::: Information provided :::

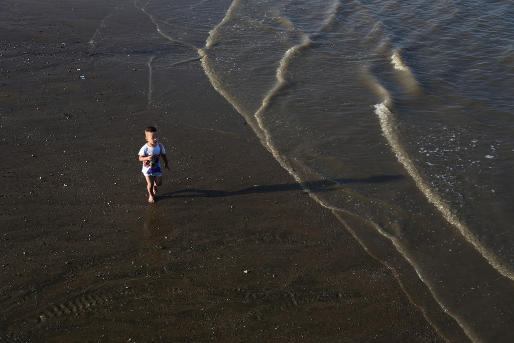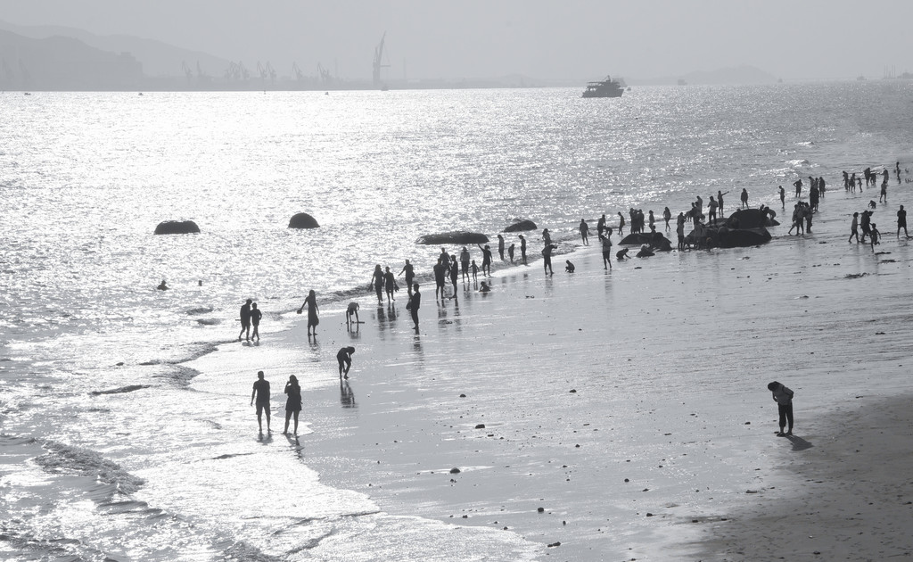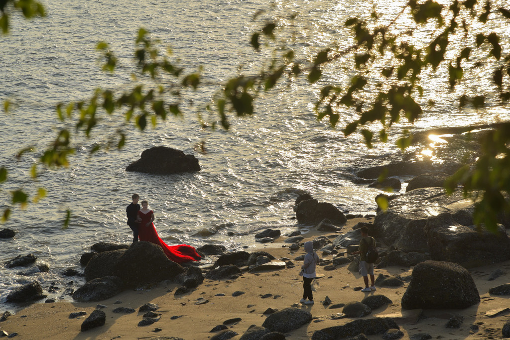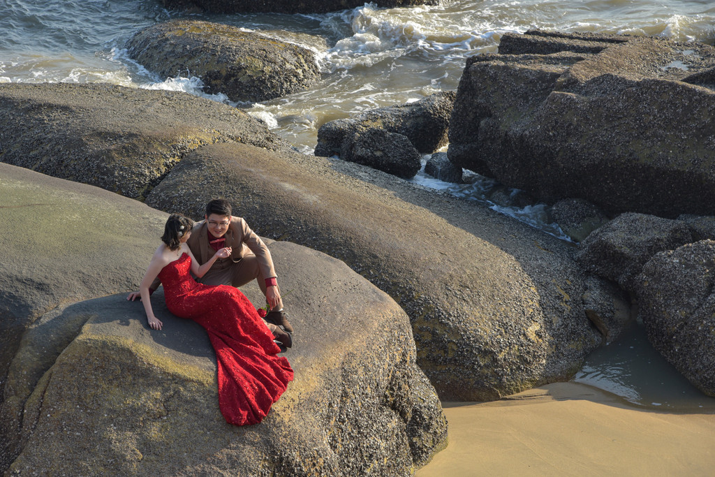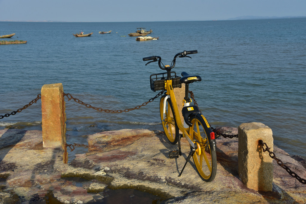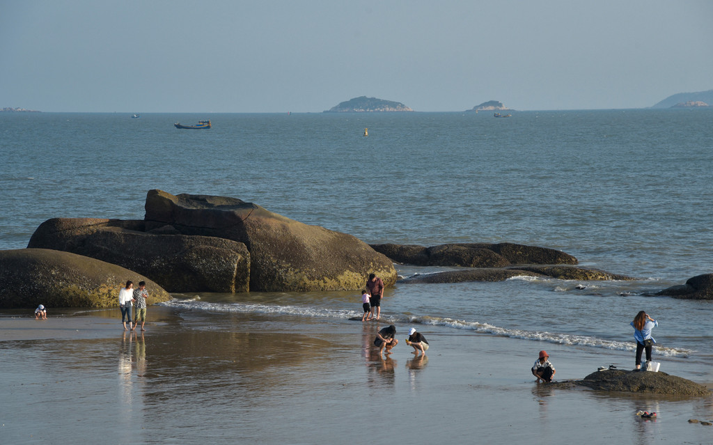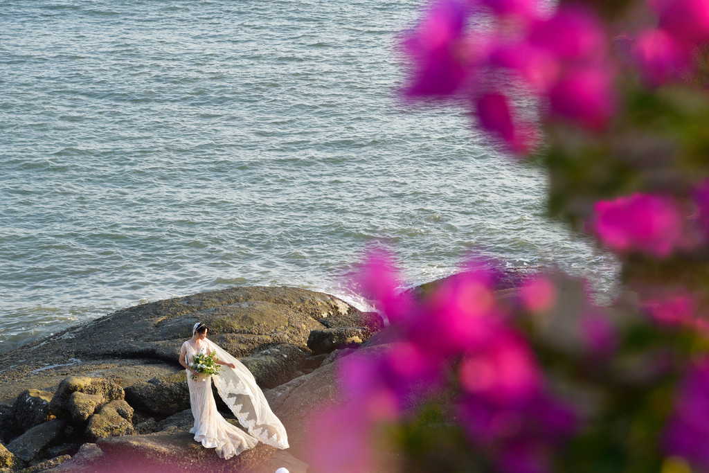 厦门本岛四面皆海,骑行很惬意。避开繁华地段,从厦门国际会展中心附近起步,沿着海边向五缘湾骑行。此段海滨道面朝外海,水域辽阔,海滩绵长,沙滩上时有礁石点缀,豪放中见婉约,景观不单调。有准新郎新娘在海边情定终身,婚纱铺礁石,四目含深情,涌浪在他们四周轻吟低唱,温馨缠绵。
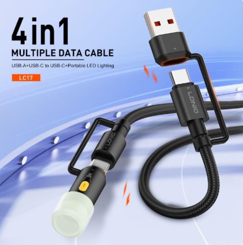 LDNIO - Ldnio LC17 65W Fast Charging Cable (USB-A & USB-C to USB-C) Power Delivery Cable with LED Light, High-Speed Data Sync Cord for Mobile Phones, Tablets, Laptops – Durable & Portable - Black
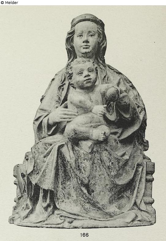Group of lime wood, hollowed at the back, old coating. Both in a straight frontal posture. The sitting mother is holding the nacked child on her lap, that helds an apple in its left hand. Relief-moulded bench, the garment in front of the thighs plenty draped. Long wavy hair. The garment with delicate moulded ornaments. Source: Hugo Helbing Kunsthandlung and Kunstversteigerungshaus: Kunstbesitz eines Berliner Sammlers. Katalog Nr. 49; Math. Lempertz'sche Kunstversteigerung: Eine bekannte Süddeutsche Privatsammlung and anderer Privatbesitz, Katalog Nr. 395.

:::

Directions for this task
Word for word, restate the material above; do not carry over the pictures.

The completed task
 厦门本岛四面皆海,骑行很惬意。避开繁华地段,从厦门国际会展中心附近起步,沿着海边向五缘湾骑行。此段海滨道面朝外海,水域辽阔,海滩绵长,沙滩上时有礁石点缀,豪放中见婉约,景观不单调。有准新郎新娘在海边情定终身,婚纱铺礁石,四目含深情,涌浪在他们四周轻吟低唱,温馨缠绵。
 LDNIO - Ldnio LC17 65W Fast Charging Cable (USB-A & USB-C to USB-C) Power Delivery Cable with LED Light, High-Speed Data Sync Cord for Mobile Phones, Tablets, Laptops – Durable & Portable - Black
Group of lime wood, hollowed at the back, old coating. Both in a straight frontal posture. The sitting mother is holding the nacked child on her lap, that helds an apple in its left hand. Relief-moulded bench, the garment in front of the thighs plenty draped. Long wavy hair. The garment with delicate moulded ornaments. Source: Hugo Helbing Kunsthandlung and Kunstversteigerungshaus: Kunstbesitz eines Berliner Sammlers. Katalog Nr. 49; Math. Lempertz'sche Kunstversteigerung: Eine bekannte Süddeutsche Privatsammlung and anderer Privatbesitz, Katalog Nr. 395.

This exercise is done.